# Monitoring and Alerting

## Monitoring stack components

### Prometheus

Configured in `monitoring/prometheus/prometheus.yml`.

Responsibilities:

* scrape app metrics from `/metrics`
* scrape and evaluate every 5 seconds
* forward firing alerts to Alertmanager

### Alert rules

Defined in `monitoring/prometheus/alert_rules.yml`.

Current rules:

* `AppInstanceDown` (warning): one replica unreachable for 5 seconds
* `ServiceFleetDown` (critical): all replicas unreachable for 5 seconds
* `LoadBalancerDown` (critical): NGINX unreachable for 5 seconds
* `HighErrorRate` (critical): 5xx ratio over 3% for 5 seconds
* `HighLatencyP95` (warning): p95 latency over 2 seconds for 5 seconds
* `HighCPUReplica` (warning): per-replica CPU above 80% for 5 seconds

### Alertmanager

Configured in `monitoring/alertmanager/alertmanager.yml`.

Responsibilities:

* route critical alerts to on-call channel
* route warnings to non-paging channel
* inhibit noisy secondary alerts (`ServiceFleetDown` suppresses `AppInstanceDown`, and `LoadBalancerDown` suppresses `ServiceFleetDown`)

## Metrics exposure

The app exposes Prometheus metrics via instrumentation middleware when optional dependencies are available.

Required Python packages for `/metrics` exposure:

* `prometheus-fastapi-instrumentator`
* `prometheus_client`

If these packages are missing, Prometheus scrape on `/metrics` will fail and only JSON diagnostics endpoint `/metrics/json` remains available.

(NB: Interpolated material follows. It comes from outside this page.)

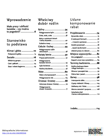 Mało pracy i obfitość kwiatów - czy można to pogodzić? 6 Stanowisko to podstawa 10 Polepszanie gleby 14 16 Miłośnicy gorąca 18 Cień i półcień 24 Staw i rabata bagienna Byliny 29 34 Pielęgnowanie bylin 36 Zioła, zioła, zioła 38 Byliny o ozdobnych liściach i rośliny okrywowe 4° Subtelne trawy 42 Cebule i bulwy Klimat i gleba Światło Udane komponowanie rabat Właściwy dobór roślin Wprowadzenie Pielęgnowanie roślin cebulowych Kwiaty letnie Pnącza jednoroczne 44 48 50 52 Projektowanie Dynamika rabat 75 0 zielonych formach 76 ...i trzecim wymiarze 77 Dzielić przestrzeń 78 ...bawić się formami 79 Ułatwić pracę na rabacie 80 Miejsca wypoczynku 82 Nie podglądać! 83 Zapach unosi się w powietrzu 84 Pielęgnowanie kwiatów letnich 54 Terminy kwitnienia 88 Łąka kwiatowa 55 Rośliny dwuletnie 56 Rośliny kwitnące latem 1 długo kwitnące 89 60 Wiosna i początek lata 92 Późne lato i jesień 95 Róże Róże w kompozycjach 62 Pielęgnowanie róż 64 Drzewa i krzewy Kolorowe drzewa i krzewy Pielęgnowanie drzew i krzewów 68 70 71 Barwy 98 Intensywnie żółte 100 Czysty niebieski i liliowy 104 Delikatny róż i fiolet 106 Mocna czerwień i purpura 108 Szlachetna biel i barwa srebrzystoszara 110 Indeks http://d-nb.info/1062995546 74 114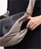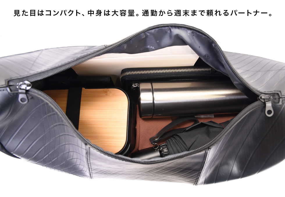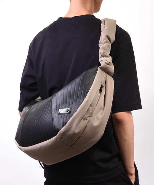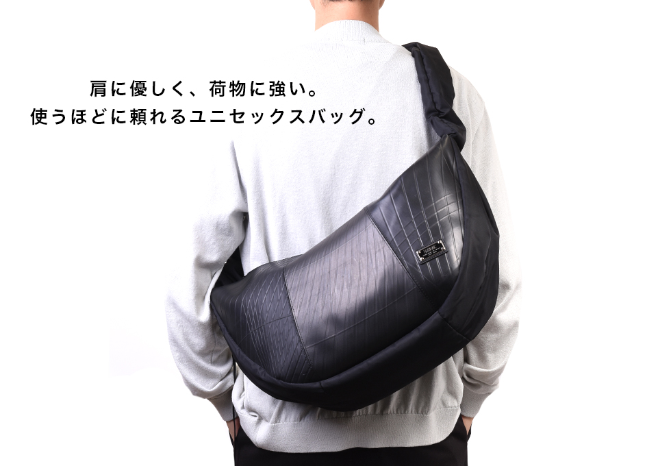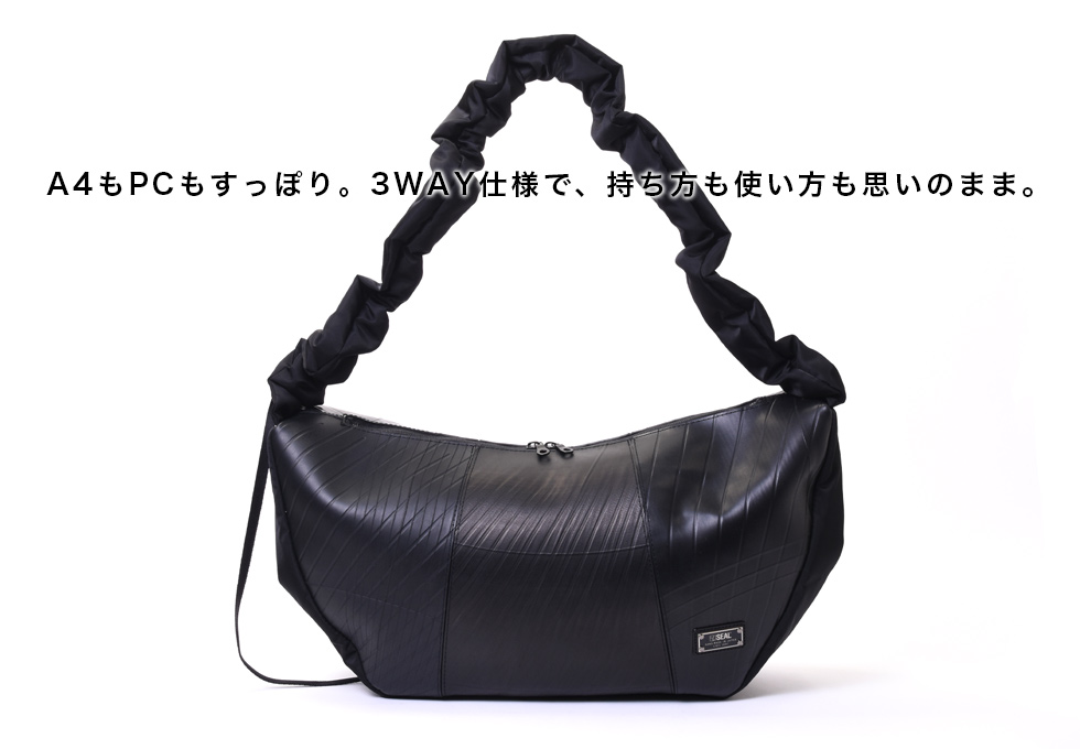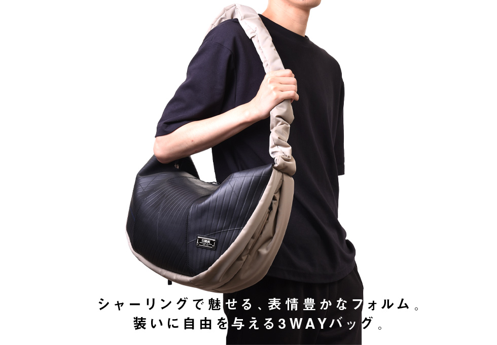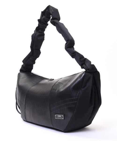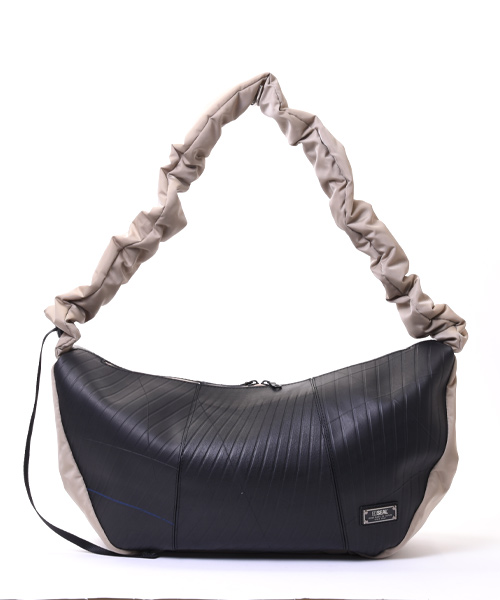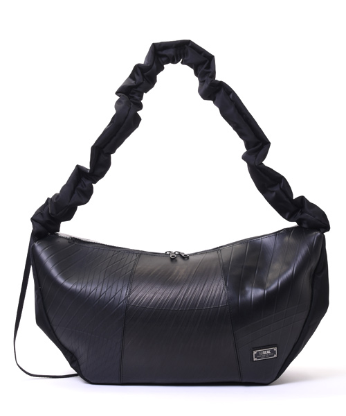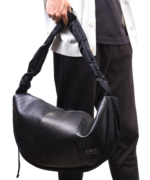 トレンド感あふれるハーフムーン型に、シャーリング仕様のショルダーストラップを組み合わせた3WAYショルダーバッグ。ショルダー部分はドローストリングで長さを調整でき、手持ち・肩掛け・斜め掛けとスタイルに合わせた使い分けが可能。シワの出方やドレープ感が美しく、ファッション性と機能性を両立しています。 本体素材には、水や汚れに強くタフなタイヤチューブを使用。ナイロン部分は回収された漁網や衣類を原料に再生されたリサイクルナイロン糸を用いた環境配慮型生地で、美しい光沢と柔らかな質感を兼ね備えています。内装にはSEALオリジナルのジャガード生地を採用し、細部までこだわりを感じさせる仕上がりです。 収納力も魅力のひとつ。立体裁断によるラウンドフォルムは見た目以上の容量を誇り、A4サイズや14インチのノートPC、折りたたみ傘、タンブラーなども余裕で収納可能。内側にはジップ付きの大きなポケットを配置。さらに外側サイドにはスマホや鍵を入れられる隠しポケットも備えています。 男女問わず使えるユニセックスなデザインで、通勤・通学から休日の外出まで幅広いシーンで活躍。シャーリングデザインと機能美が融合した、スタイルのアクセントにもなる新しい定番バッグです。

Additional JSON diagnostics endpoint exists at:

* `GET /metrics/json`

### Grafana

Grafana is included in the compose stack for dashboard visualization.

* URL: `http://localhost:3000`
* default credentials: `admin` / `admin`

## Notification channels

Environment-driven webhook substitution supports:

* Slack
* Discord (Slack-compatible webhook endpoint)

Runtime environment variables used in compose:

* `SLACK_WEBHOOK_URL`
* `DISCORD_WEBHOOK_URL`

## Validating alerts

Use manual or scripted methods described in `docs/manual-alert-testing.md`.

Common manual triggers:

```bash
docker compose stop app-1
docker compose stop app-1 app-2 app-3
docker compose stop nginx
```

## Production hardening recommendations

1. Pin image versions for Prometheus and Alertmanager (avoid `latest`).
2. Add authentication for Prometheus/Alertmanager UIs.
3. Add persistent dashboarding (Grafana) for trend analysis.
4. Store alert runbook links in alert annotations.